The project aims to build a big data pipeline for our business idea Stock sense where we Aimed to provide stock data along with social media data in order to help in the invetment providing better sense to investment. The detailed Idea can be seen here - Stock Sense Slides
To install the requirments run
pip install -r requirments.txt
The Data Pipeline :
------------------------------------------------------------------------------------------------------------------
The high level view of Phase one data pipeline is indicated below -
1. Twitter API
Setup The twitter developer account to access the API keys, It Can be done from create deverloper account
Detailed Video - How to setup Tweet
2. Stock API
clone the repo
https://github.com/vsjha18/nsetools
nsetools - provides the real-time stock market data for National Stock Exchange, India. Further details can be found here - nsedocs
3. Companies List
We used the top 25 companies listed here in NSE Top 100 We have provided the csv file with top 25 companies listed for NSE.
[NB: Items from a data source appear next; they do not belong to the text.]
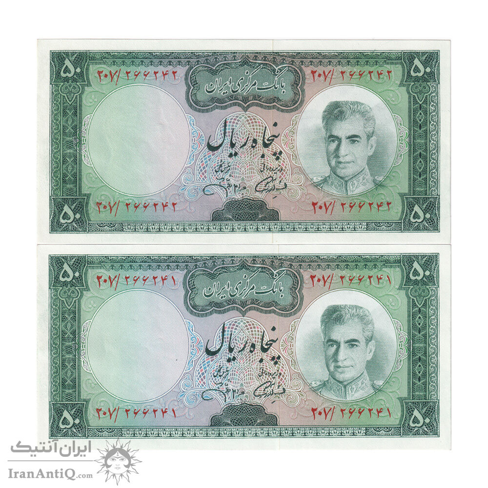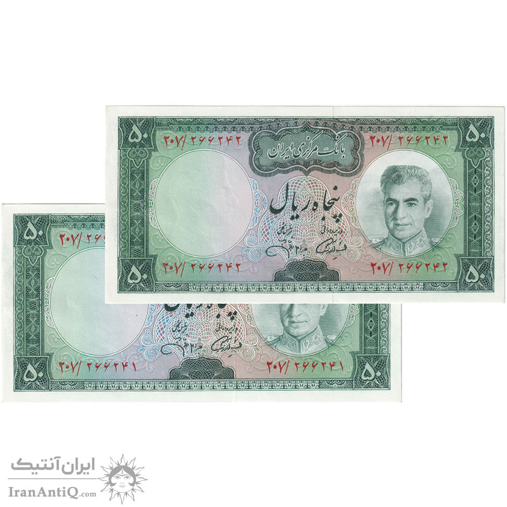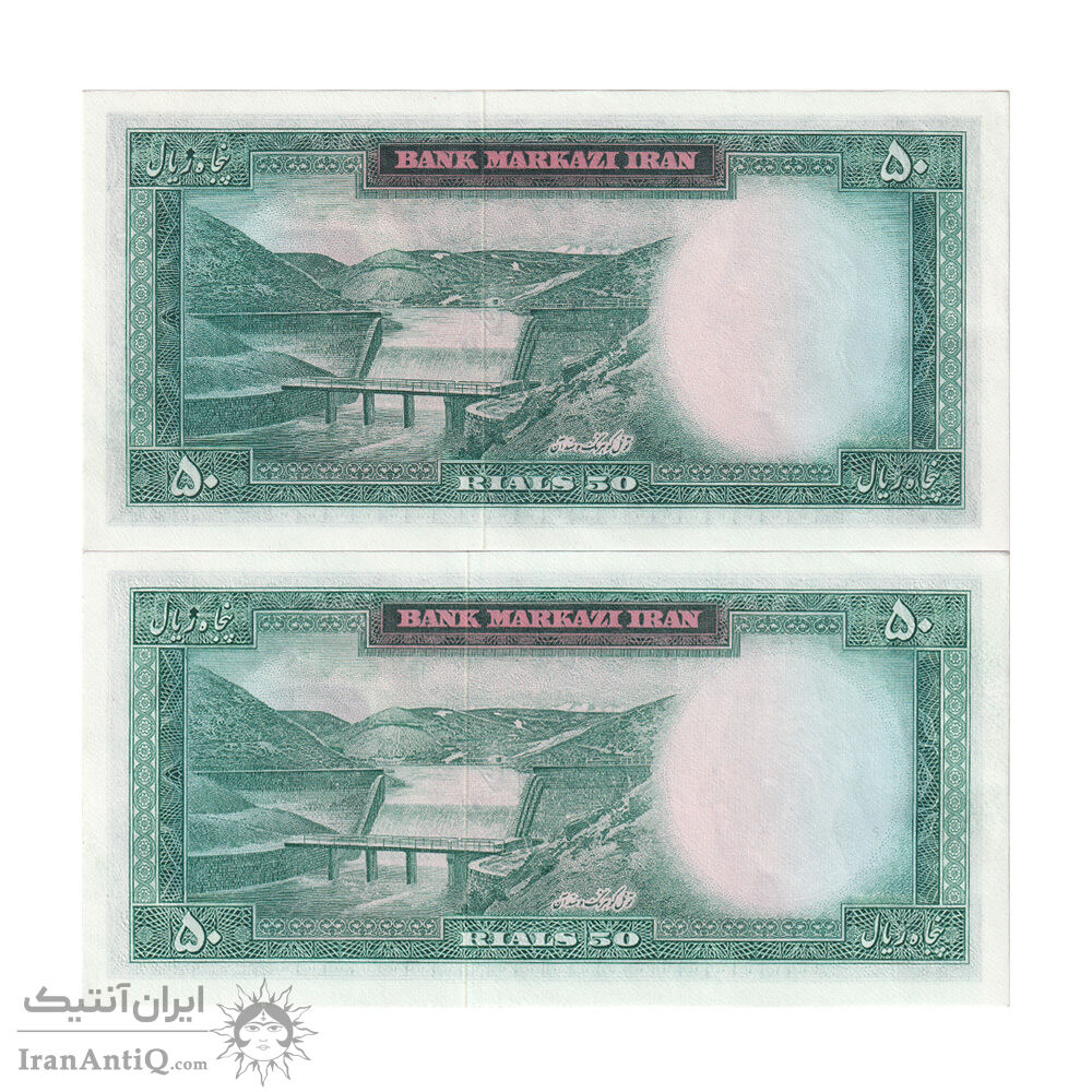 اسکناس 50 ریال (آموزگار - جهانشاهی) - جفت - UNC61 - محمد رضا شاه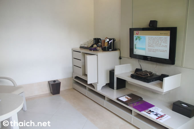 大きなテレビにDVDプレイヤー、ミニバーがあります。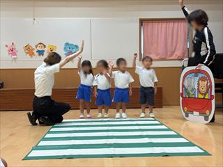幼児クラス(年少、年中、年長)のお友達が交通安全教室に参加しました。 信号を見ながら、横断歩道を渡る練習も行いました。 |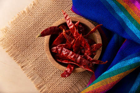 dried hot red chilies on brown texture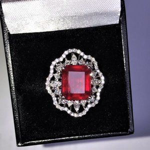 GORGEOUS and massive genuine ruby and diamond cocktail ring. Photos don't do it justice. Valued over $16k!!!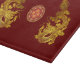 Doppelter chinesischer goldener Drachenschnitt mit chinesischem Dekormuster in der Mitte auf dunkelrotem Hintergrund. Entwurf auf dem Schneidebrett. Sie können die Hintergrundfarbe leicht ändern, indem Sie auf die Schaltfläche Anpassen klicken. Ideal für Chinesisches Neujahr des Drachen oder Geburtstag (Menschen geboren im Drachenjahr).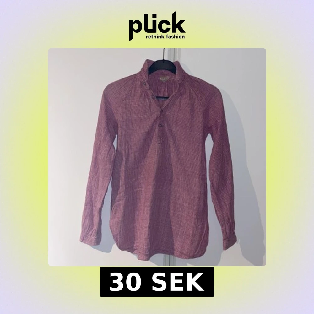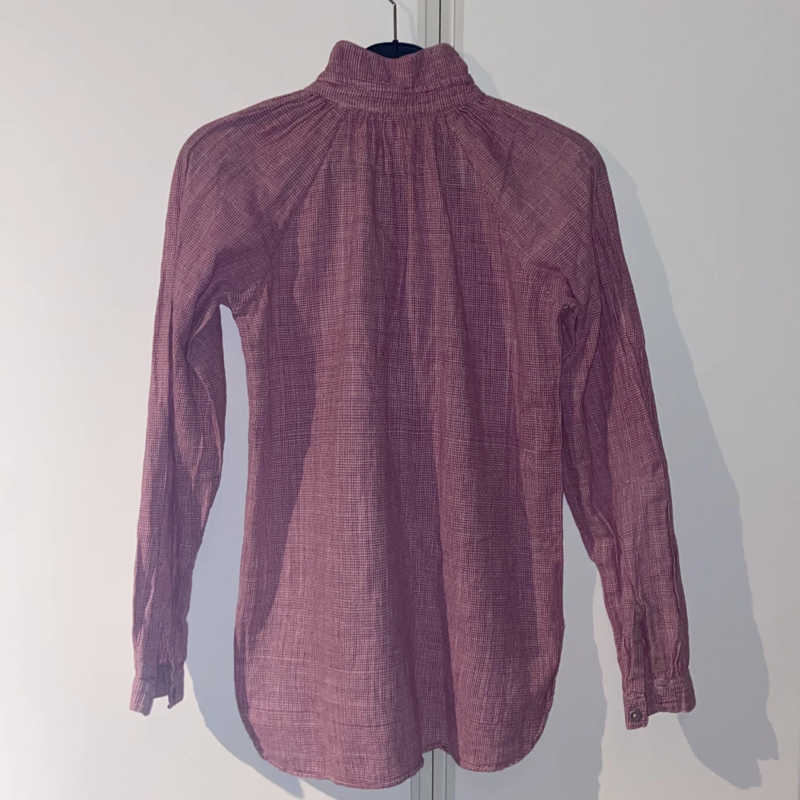 Röd skjorta/blus med lång ärm och knappar framtill. Skjortan har ett diskret rutigt mönster. Finns en lagning på ena armbågen och är lite sliten i övrigt.
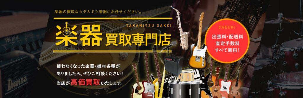 | タカミツ楽器 | 楽器買取専門店で、ギター、ベース、ウクレレなどのポピュラー系弦楽器を幅広く取り扱う。 店頭・宅配・出張買取に対応し、特に東海エリアでの実績が豊富です。 |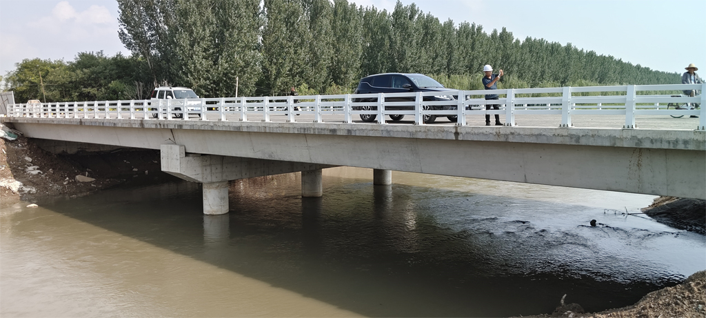 工程简介: 本工程位于蠡县城区段月明河、孝义河刘铭庄桥。建设内容:河道清淤疏浚工程、河岸绿化景观工程、桥梁工程。(1)河道清淤疏浚工程设计月颂桥下游段河道清淤疏浚长度为 1.62km。(2)河岸绿化景观工程河河岸绿化景观工程涉及河岸长度 1.62km。工程共计绿化1.44万㎡,其他新建配套设施包括:新建广场两处,共计 0.25万㎡;历史文化博览墙4 座;游步道0.87km;亲水平台2座,观景平合4 座。(3)本工程新建桥梁 1 座,拆除重建桥梁2座。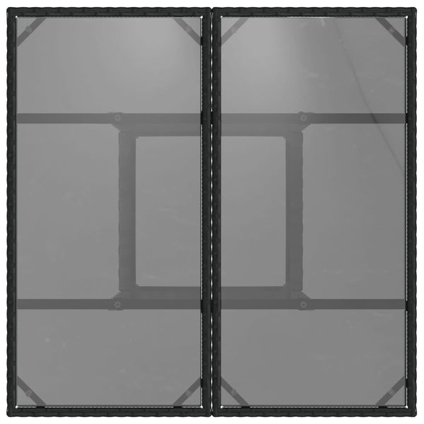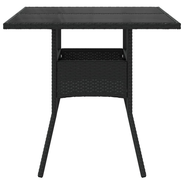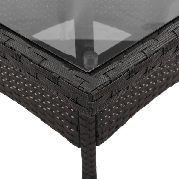 Musta puutarhapöytä 80x80x75cm lasilevyllä polyrottinki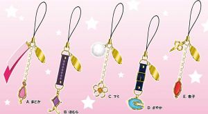 5人の魔法少女達のソウルジェムとコスチュームをモチーフにした、美しいストラップ5種。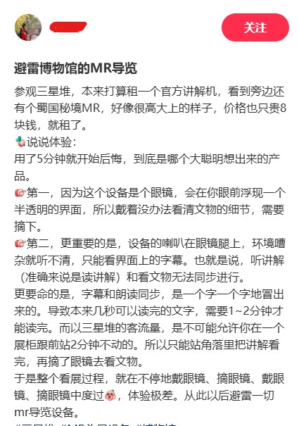 三星堆博物馆提供的电子讲解器分为官方租赁款、MR科技款及第三方小程序款,整体能满足自主游览需求,但不同类型各有优劣,是否好用需结合自身需求判断,以下是收集的小红书用户使用信息的总结: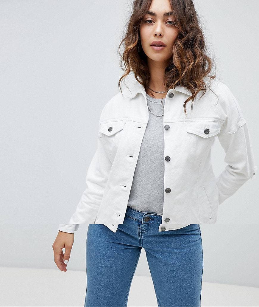 Белые джинсы и негабаритные джинсовые куртки для женщин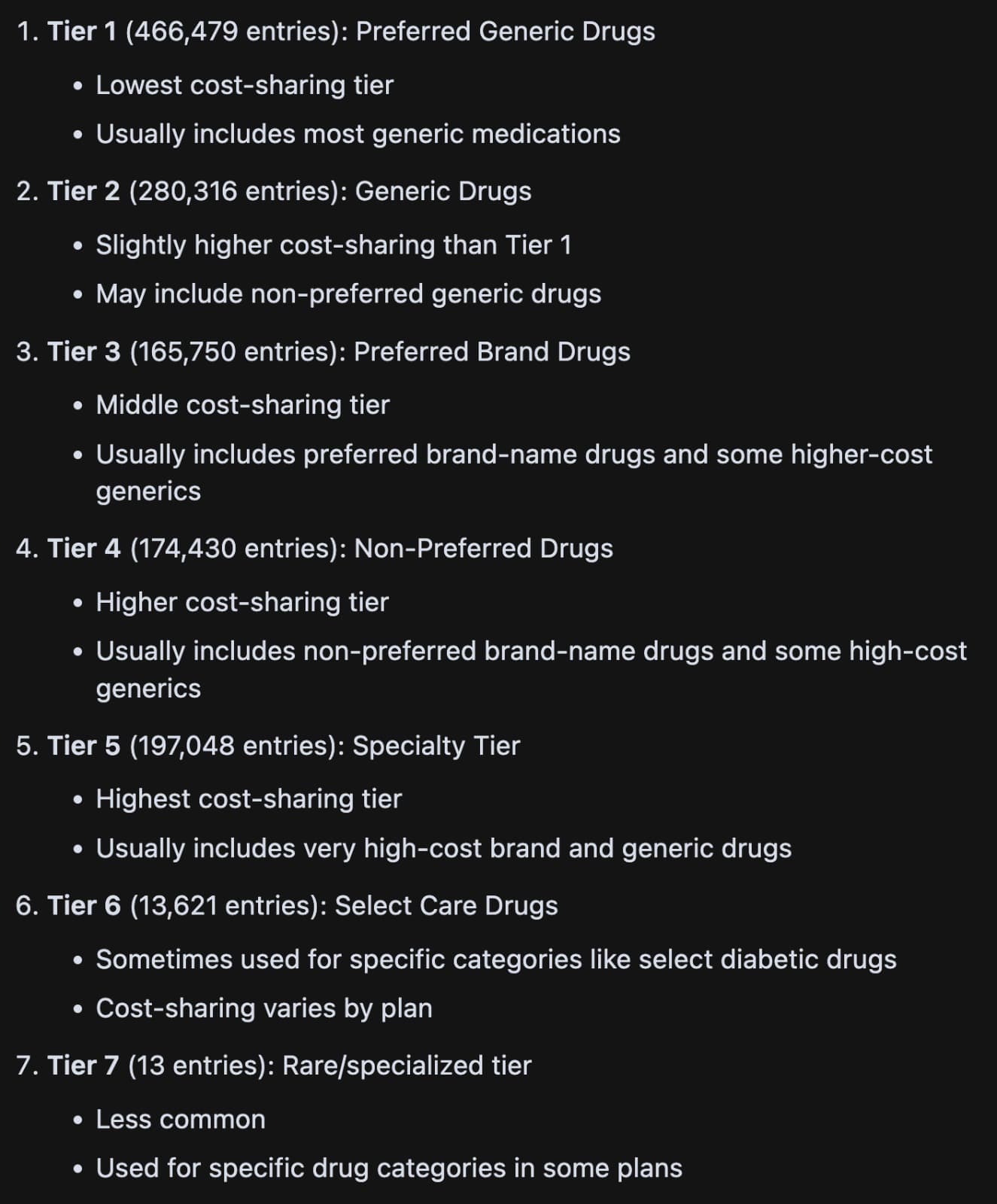 This would give us a fairly good idea of how the drug is covered by various formularies (simply a combination of drugs, which is attached to plans). There are however some basics about US insurance plans we need to understand. Drugs fall under different tiers from Tier 1-7.

Any granulrities can be adapted when scalling the project
We are using the Database presented in Virtual Machine provided by UPC on cloud Systems. So the Databases are already setted up in VM. We are using the following Databases in our pipeline.
To start server on VM use
/home/bdm/BDM_Software/hadoop/sbin/start-dfs.sh
a. modify the libcurl package using the below commands
sudo apt-get remove libcurl4
sudo apt-get install libcurl3
b. Open tmux session in detached mode and keep running mongoDB server on backend
tmux new -s mongodb
BDM_Software/mongodb/bin/mongod --bind_ip_all --dbpath /home/bdm/BDM_Software/data/mongodb_data/
more on tmux session - Tmux
1. clone the repo
git clone https://github.com/himanshudce/sense-stock-bdm
2. run the below files to get the data locally
a. For tweets (place your API keys)
python3 tw_load_local.py
** for ease, I have provided my API keys for tweets
b. For Stock data
python3 st_load_local.py
After loading it will give the following file structure
3. Load data in mongo and hdfs
a. To load tweet data in mongo
python3 tw_load_mongo.py
b. To load stock data in hdfs
python3 st_load_hdfs.py
The above files run automatically for each day when stock market gets open from 9 to 4 IST(Indian Standart time, tz = Asia/Kolkata)
We run these files in VM using crontab in unix environment, which execute the file every day accordint to pattern. Crontab
Below are the instruction to setup. Simply type
crontab -e
to edit the file in any mode (nano,vim,etc)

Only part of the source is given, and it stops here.